Although the Khmer Rouge lost the capital, the western part of the country remained under their control. The next 20 years, these insurgents continued to harass the central authorities. In addition, the leader of the Khmer Rouge, Pol Pot survived and continued to lead large paramilitary forces hiding in the jungle. The fight against the perpetrators of the genocide was led by all the same Vietnamese (Cambodia itself lay in ruins and could hardly eradicate this serious threat).

Every year the same campaign was repeated. In the spring, a Vietnamese contingent of several tens of thousands of people invaded the western provinces, carrying out purges there, and in the autumn returned to their original positions. The autumn season of tropical downpours made it impossible for an effective fight against the partisans in the jungle. The irony was that during the years of its civil war, the Vietnamese Communists used the same tactics that the Khmer Rouge now used against them.

Final defeat

In 1981, the party partially removed Pol Pot from power, and soon she was completely dissolved. Some Communists decided to change their political course. In 1982, the Democratic Kampuchea Party was formed. This and several other organizations joined the coalition government, which was soon recognized by the UN. The legitimized Communists renounced Pol Pot. They acknowledged the mistakes of the previous regime (including the adventurousness of refusing money) and asked for forgiveness for repression.

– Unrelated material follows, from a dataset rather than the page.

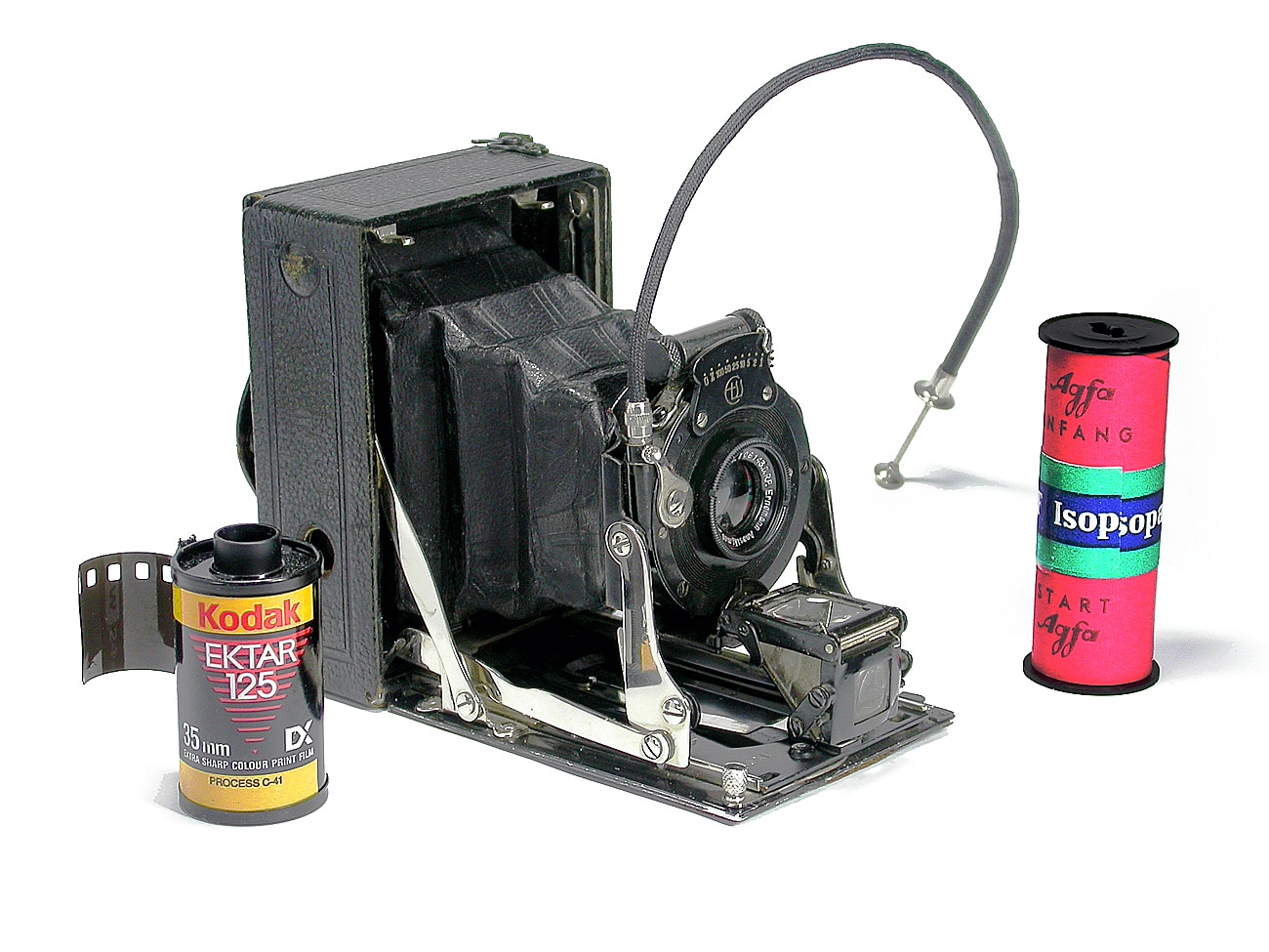 Überraschend klein: Plattenkamera aus gutem Hause, nämlich von Ernemann-Kameras, Heinrich Ernemann Werke AG, Dresden, laut Seriennummer hergestellt im Jahre 1921. Hier zum Größenvergleich fotografiert mit einem Kleinbildfilm und einem Rollfilm.

Radicals led by Paul Later continued to hide in the forests and destabilize the situation in the country. Nevertheless, the political compromise in Phnom Penh led to the consolidation of the central government. In 1989, Vietnamese troops left Cambodia. The standoff between the government and the Khmer Rouge continued for another ten years. The failures of Pol Pot caused the collective leadership of the insurgents to remove him from power. The dictator, once seemingly invincible, was placed under house arrest. He passed away on April 15, 1998. According to one version, the cause of death was heart failure, on the other - Pol Pot was poisoned by his own supporters. Soon, the Khmer Rouge suffered a final defeat.